What you will do :: Restate word for word the lines that run from the one containing "Виталий ДЕМИРОВ, глава" to the last line of the data, both ends included.

Supplied material ::
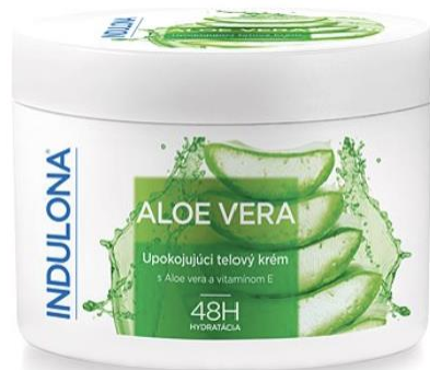
Testápoló krém 250 ml, 1790.- Ft
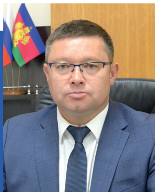
Виталий ДЕМИРОВ, глава Крыловского района:

– В целом по основным отраслям и направлениям наблюдается положительная динамика и развитие. Результаты прошлого года – это прямое доказательство того, что вместе мы можем решать все сложные задачи и справляться с любыми трудностями.

Exercise result ::
Виталий ДЕМИРОВ, глава Крыловского района:

– В целом по основным отраслям и направлениям наблюдается положительная динамика и развитие. Результаты прошлого года – это прямое доказательство того, что вместе мы можем решать все сложные задачи и справляться с любыми трудностями.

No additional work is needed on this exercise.